March 7 : Audio Stories

To Do This Week:

DUE Visual Narrative

Watch: Below is an experimental film from 1971 by Polish filmmaker Ryszard Waśko. It uses off-screen sound rather than image to tell its sound “story.”

Blog: After watching “Okno/Window”, make your own version of  “Window” with off-screen sound. Try to tell a mini-story in sound about what might be happening off screen.

Take about a 30-second shot of a window looking outside.  Then start recording audio segments. You can record video, then in Premiere un-sync audio and delete the video track). Or you can go to freesound.org to find audio files to download (mp3 or wav). Or sample audio from other videos. Then build an audio track for your off-screen “window story.” 

  • the video should be no more than 30 seconds.
  • you may use only “diegetic” music – that is only music that is coming from the world depicted on screen, like a radio/tv played in the room. Not a soundtrack.

Class

Visual Narratives Due

Passionate Journey, or My Book of Hours (French: Mon livre d’heures), is a wordless novel of 1919 by Flemish artist Frans Masereel. The story is told in 167 captionless prints, and is the longest and best-selling of the wordless novels Masereel made. It tells of the experiences of an early 20th-century everyman in a modern city.
wordless stories

Review of Storytelling Structure / Construction

  1. life is change!
  2. simple/complex plot – inner and outer change
  3. dramatic, episodic & lyrical (a subjective transformation, kishotenketsu)
  4. plotless or anti-plot stories (that still changes!)


Audio stories

Watch some Window stories…

“Sound montage” – the film-maker and media artist Walter Ruttmann’s innovative radio piece: an acoustic picture of a Berlin weekend urban landscape.

Insider’s view of the 1930s radio studio showing the production of dramatic sound effects.

 

The Revenge is a radio play by Andrew Sachs, 1978. – entirely of sound effects with no spoken dialogue

 

 

 

Squirrel Cop:

  • anecdote/reflection
  • setting details
  • character details
  • pacing

 

Adobe Premiere Orientation…

 

Video/Audio Narrative (10%)
DUE March 21st

For this project, you are to make a 30-60 second video using continuity and/or montage techniques.
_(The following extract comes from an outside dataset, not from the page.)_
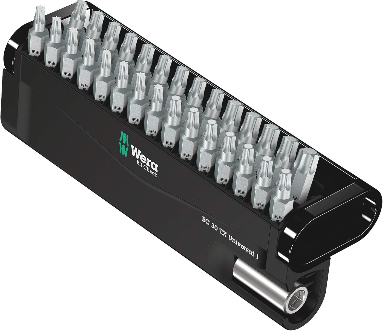 Das Torx-Profil ist das Ass im Ärmel eines Handwerkers, das einen festen Griff verspricht. Im Gegensatz zum klassischen Kreuzschlitz reduziert es den Verschleiß an Bits und Schrauben drastisch. Kein Wunder, dass Torx bei Heimwerkern und Profis gleichermaßen hoch im Kurs steht. Auch der Wera Bit-Check 30 ist mit einer Vielzahl von Torx-Größen ausgestattet, der für jede Herausforderung gewappnet ist.

Edit together video clips, animation and/or still images, recorded audio, voice over and/ or sound effects to tell the story. It is up to you how you “narrate” the story – through just images with sound effects, your own voice-over, text on the screen or an interview with the subject. The images do not have to illustrate the spoken narration, but should relate and help reinforce the story. This project is about using multiple types of media to tell a time-based story.

Ideas:

  • A one-minute short fictional story:  Keep it simple. One location, 1-2 characters…
  • a personal story or an anecdote: You probably will need to use voice-over (or text-over image) and either images from your archive or shoot video that stands in for the past events. How might you add sound effects?
  • a story about an object: Similar to the above, but the story or anecdote is about an object. Show the object in various angles/framings. 
  • a sound-driven story:  Create a story with sound effects over video or still images. No language. Scary stories are good with this form. 
  • an episodic video essay: tell a series of mini-stories organized alphabetically.

Final Project:  30%

The final project is to be a digital story that incorporates at least two of the modules covered in this class: diagrammatic, visual, cinematic, hyperlinked/interactive, game-like storytelling. The work may be a significant reworking of a previous project or a new idea and direction.

The final project will have required stages and deadlines and each of these will be graded separately for a certain percentage of the final grade. It is important that you do not leave everything to the last minute. There should be progress each week until it is due. Our class time will be focused on building these stories so that you can help from me and your classmates. You are not to use this time for other class projects.

Project Summary 5% -DUE April 11 After our in-class brainstorming sessions and a required Zoom meeting with me to work out your story idea and approach, you are to write a summary in a blog post. What is the story in 3-5 lines? What form will it take – Twine, HTML, video, comic slides? What are your inspirations – what are the works in this class or elsewhere that are models for what you want to do? 

Project Critique 10% – DUE April 25: We will have an in-class critique of your digital stories. The grading will be based on how much of the work you have completed. I will also be giving you my feedback.

Final Project 85% – DUE May 2: Based on the critiques, you are to address the issues raised and complete the final version of your work for grading. Make a post with a link to the work and give a brief summary or artist statement about what you set out to do and describe the process of how you made it.